Problem statement:
Copy the lines below, please, starting with the one that contains "CAM001 BOULON A" and ending with the last. Pictures stay out.

BEGIN Information given

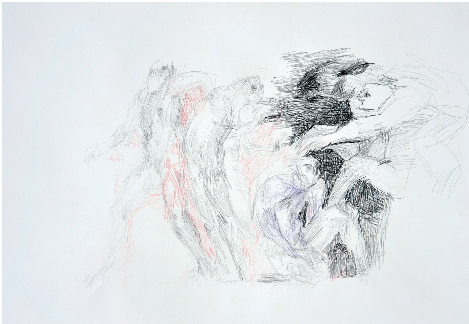
ohne Titel, 2013 Bleistift und Buntstift auf Papier 70 / 100 cm
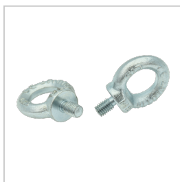
CAM001 BOULON A CEIL SATURNO POUR FIXATION SUSPENDUE
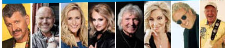
Semino Rossi, Olaf Henning, Stefanie Hertel, Nicole, Peter Orloff, Claudia Jung, Bernie Paul und Graham Bonney
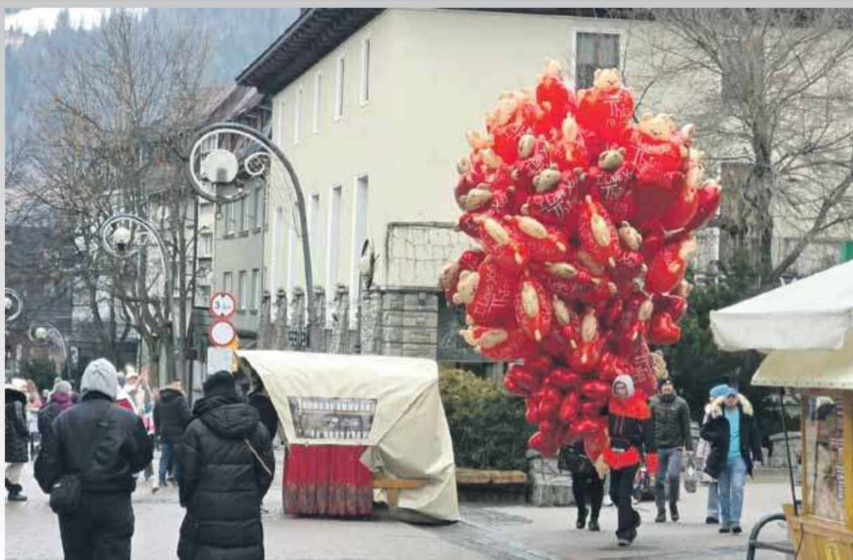
Udało nam się przetrwać te trzy dni. Najpierw tłusty czwartek, później piątek trzynastego, a na końcu sobotnie Walentynki.
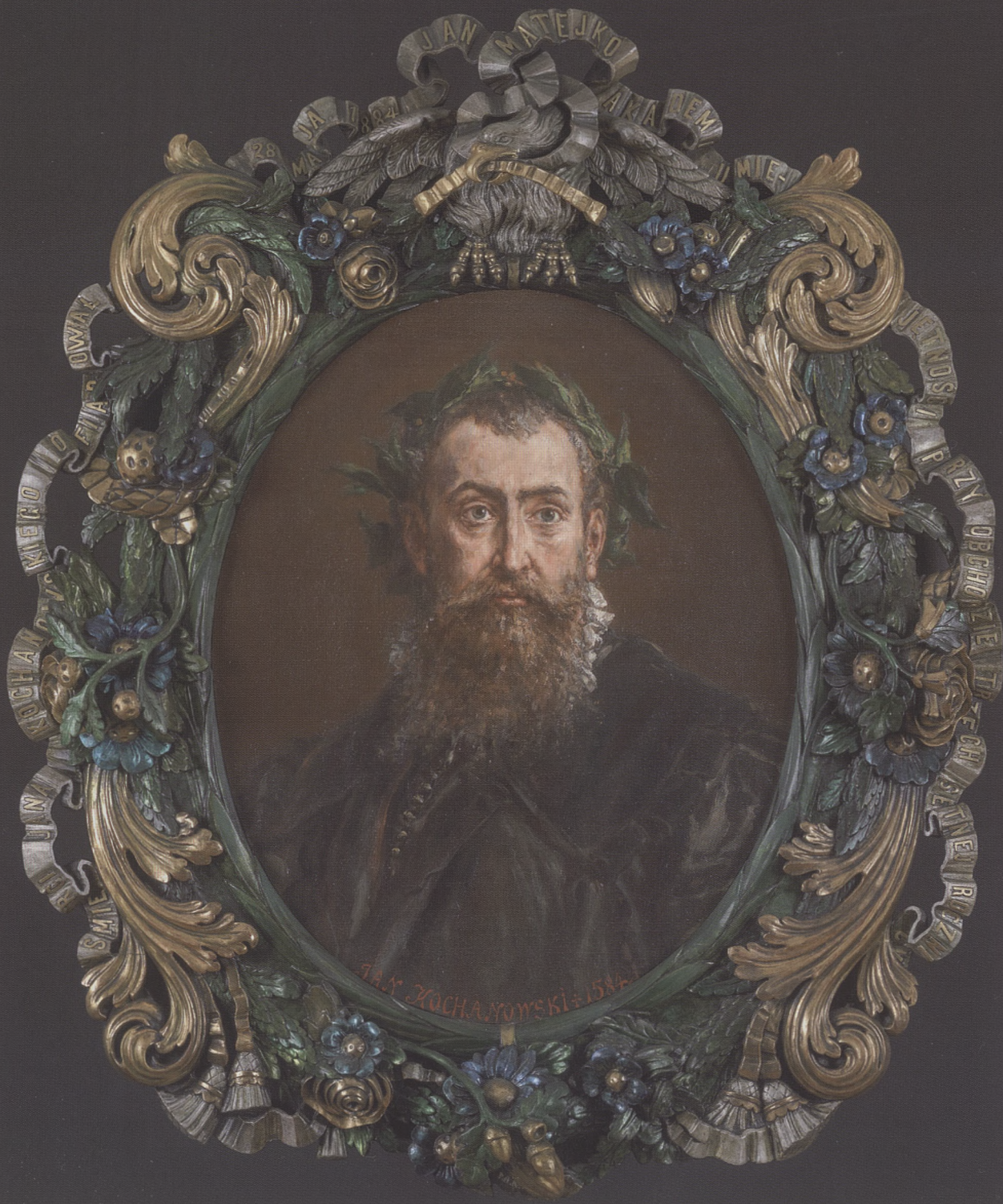
54. Jan Matejko, Imaginacyjny portret Jana Kochanowskiego , 1884
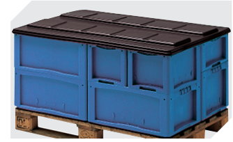
Palettenabdeckhauben L 1220 x B 820 mm 9-18421
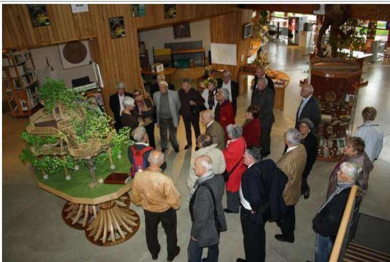
Galerie Européenne de la Forêt et du Bois
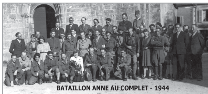
BATAILLON ANNE AU COMPLET - 1944

Depuis quelques semaines la communauté de communes du pays Dunois a commencé une « Collecte mémorielle ».

END Information given

Written answer:
CAM001 BOULON A CEIL SATURNO POUR FIXATION SUSPENDUE
Semino Rossi, Olaf Henning, Stefanie Hertel, Nicole, Peter Orloff, Claudia Jung, Bernie Paul und Graham Bonney
Udało nam się przetrwać te trzy dni. Najpierw tłusty czwartek, później piątek trzynastego, a na końcu sobotnie Walentynki.
54. Jan Matejko, Imaginacyjny portret Jana Kochanowskiego , 1884
Palettenabdeckhauben L 1220 x B 820 mm 9-18421
Galerie Européenne de la Forêt et du Bois
BATAILLON ANNE AU COMPLET - 1944

Depuis quelques semaines la communauté de communes du pays Dunois a commencé une « Collecte mémorielle ».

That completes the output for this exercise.